Purdue Pegboard Test (PPT)
Purpose
The Purdue Pegboard Test (PPT) is a test of fingertip dexterity and gross movement of the hand, fingers and arm in patients with impairments of the upper extremity resulting from neurological and musculoskeletal conditions.
In-Depth Review
Purpose of the measure
The Purdue Pegboard Test (PPT) was developed by Joseph Tiffin in 1948. The PPT is now used widely by clinicians and researchers as a measure of (1) gross movement of the arm, hand and fingers, and (2) fingertip dexterity.

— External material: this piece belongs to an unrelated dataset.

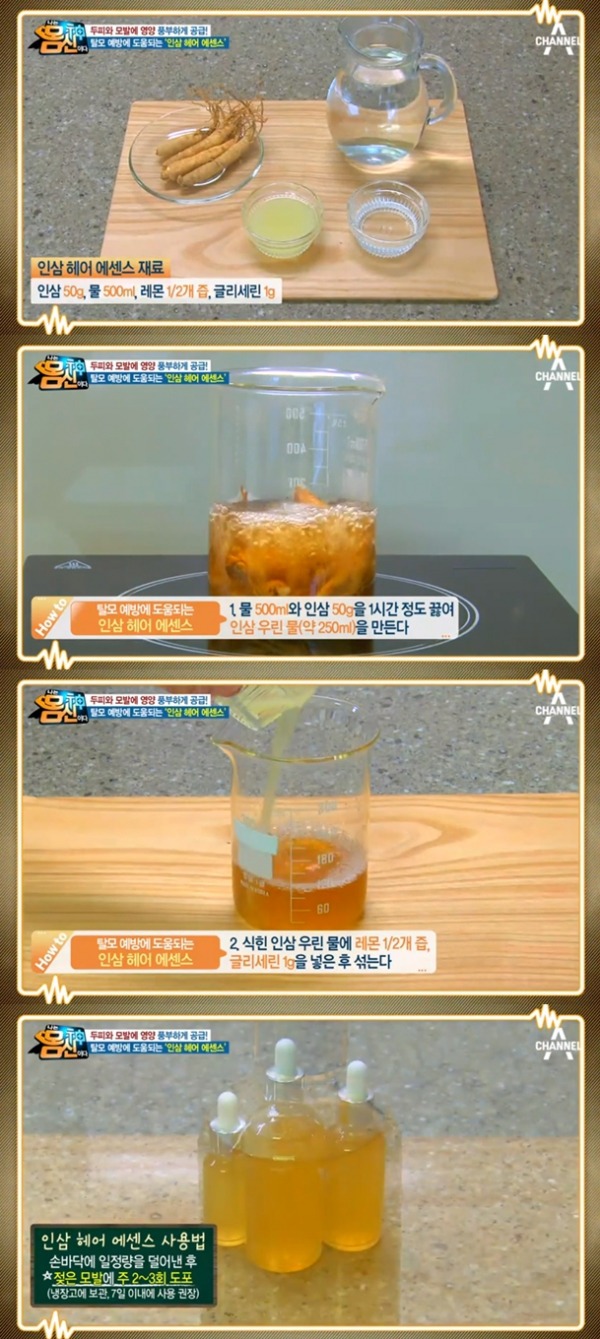 방송에서는 탈모 예방에 도움이 되는 인삼 헤어 에센스를 만드는법을 공개했다.

The PPT is suitable for use with patients with impairments of the upper extremity resulting from neurological and musculoskeletal conditions.
Available versions
None typically reported
Features of the measure
Description of tasks:
The PPT measures:
- (1) Gross movement of the fingers, hand and arm; and
- (2) Fingertip dexterity
The patient should be seated comfortably at a testing table with the PPT on the table in front of him/her. The testing board consists of a board with 4 cups across the top and two vertical rows of 25 small holes down the centre. The two outside cups contain 25 pins each; the cup to the immediate left contains 40 washers and the cup to the immediate right of the center contains 20 collars.
The clinician demonstrates and then administers the following 5 subtests:
- Right hand (30 seconds): Clients use their right hand to place as many pins as possible down on the row within 30 seconds.

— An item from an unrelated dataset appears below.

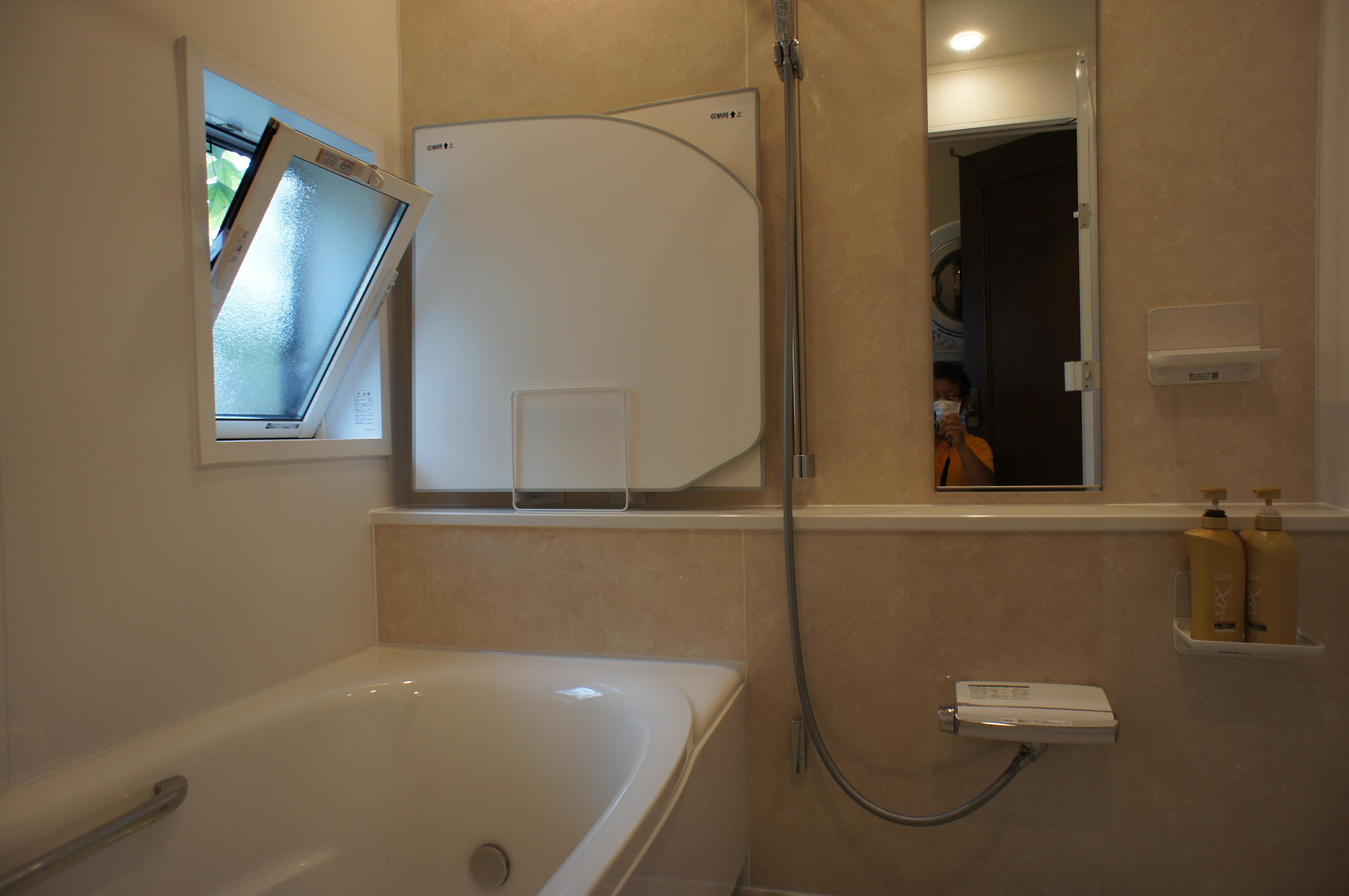 お客様の事前のご要望として①既存浴室サイズを替えないこと②鏡の位置も洗面室から全身確認できること③フロフタを前面にマグネットで固定したい④窓は現状と同程度のものが良い と具体的にご指導いただき実現できたこと本当に良かったです。 浴室換気乾燥暖房機の納期遅延により工期調整を余儀なくされ、暑い時期でのリフォームで大変ご不便をお掛け致しました。 今回のLIXILリデアは壁パネルが全面マグネットが使用できるため市販の風呂フタ収納が利用できお客様のご要望どおりカスタマイズできました。

- Left hand (30 seconds): Clients use their left hand to place as many pins as possible down on the row within 30 seconds.
- Both hands (30 seconds): Clients use both hands simultaneously to place as many pins as possible down both rows.
- Right + Left + Both hands: *Please note that this is not an actual test, it is a mathematical sum calculation of the above scores.
- Assembly (60 seconds): Clients use both hands simultaneously while assembling pins, washers and collars.
Specific administration instructions can be found in the instruction manual that accompanies the PPT.
Scoring and Score Interpretation:
The clinician compiles 5 separate scores from the complete test procedure, one for each of the following tasks:
- Right hand (30 seconds): The total number of pins placed in the right hand column using the right hand in the allotted time.
- Left hand (30 seconds): The total number of pins placed in the left hand column using the left hand in the allotted time.
- Both hands (30 seconds): The total number of pairs of pins placed in both columns using both hands in the allotted time.
- Right + Left + Both hands: The sum of scores for the previous three tasks (right hand + left hand + both hands).
- Assembly (60 seconds): The total number of pins, washers and collars assembled in the allotted time.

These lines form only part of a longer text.